Ultraviolet light oxidation of fresh hemoglobin eliminates aggregate formation seen in commercially sourced hemoglobin

Elevated levels of circulating cell-free hemoglobin (CFH) are an integral feature of several clinical conditions including sickle cell anemia, sepsis, hemodialysis and cardiopulmonary bypass. Oxidized (Fe3+, ferric) hemo-globin contributes to the pathophysiology of these disease states and is therefore widely studied in experimental models, many of which use commercially sourced CFH. In this study, we treated human endothelial cells with commercially sourced ferric hemoglobin and observed the appearance of dense cytoplasmic aggregates (CAgg) over time. These CAgg were intensely autofluorescent, altered intracellular structures (such as mitochondria), formed in multiple cell types and with different media composition, and formed regardless of the presence or absence of cells.
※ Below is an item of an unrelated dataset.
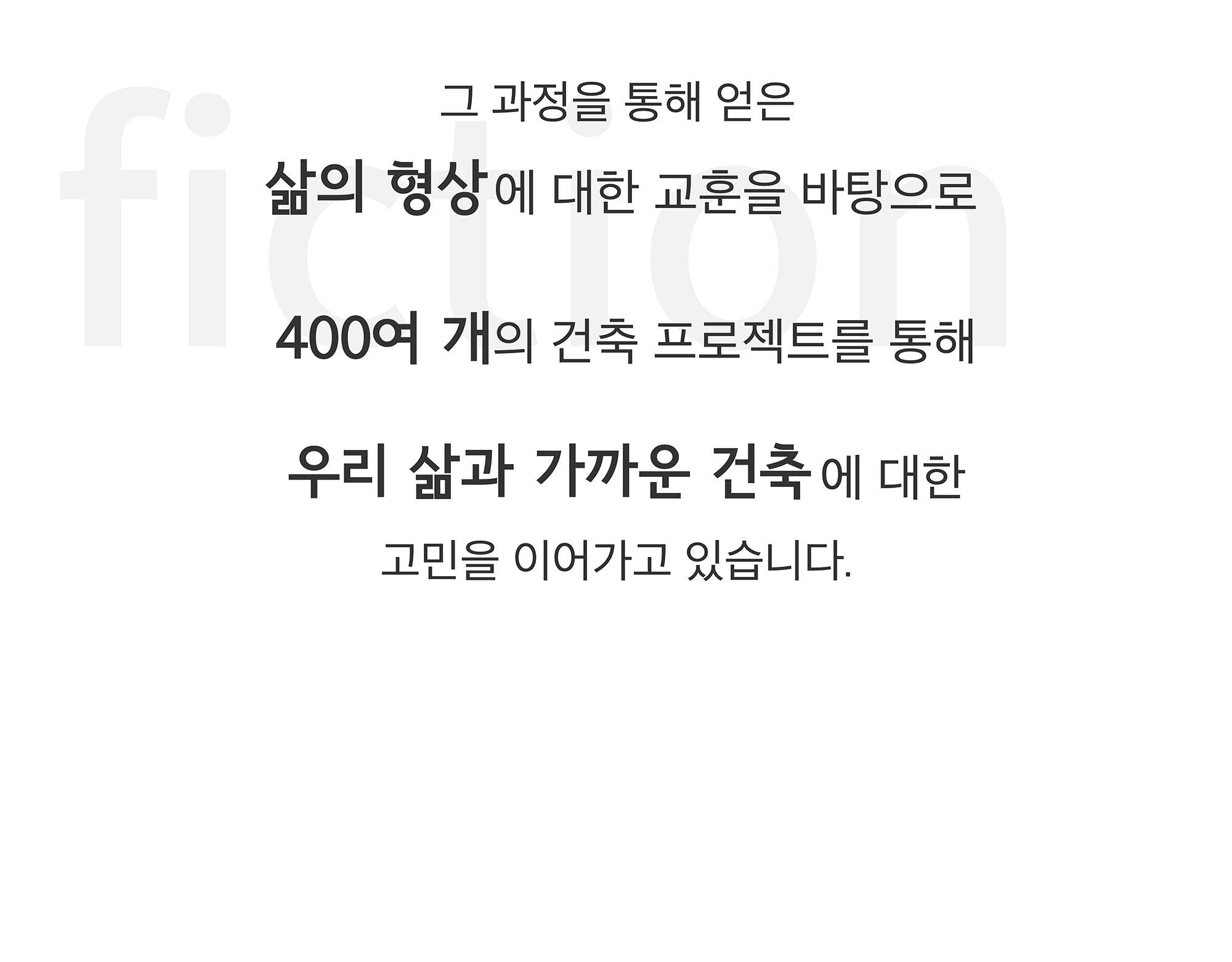 이 두 작업의 균형과 소통을 통해 저희는, 보편적인 도시건축과 그 속에서 전개되는 다양한 주체와 삶을 인식하며 작업에 임하고 있습니다.

An in-depth chemical analysis of these CAgg revealed that they contain inorganic components and are not pure hemoglobin. To oxidize freshly isolated hemoglobin without addition of an oxidizing agent, we developed a novel method to convert ferrous CFH to ferric CFH using ultraviolet light without the need for additional redox agents. Unlike commercial ferric hemoglobin, treatment of cells with the fresh ferric hemo-globin did not lead to CAgg formation. These studies suggest that commercially sourced CFH may contain sta-bilizers and additives which contribute to CAgg formation.

Automated summary

Elevated levels of circulating cell-free hemoglobin (CFH) play a significant role in several clinical conditions, and it is important to study the pathophysiology of these diseases using commercially sourced CFH. This study found that treating endothelial cells with commercial ferric hemoglobin led to the formation of dense cytoplasmic aggregates (CAgg), while fresh ferric hemoglobin did not. Chemical analysis revealed that these CAgg contain inorganic components and are not pure hemoglobin, suggesting that stabilizers and additives in commercially sourced CFH contribute to CAgg formation.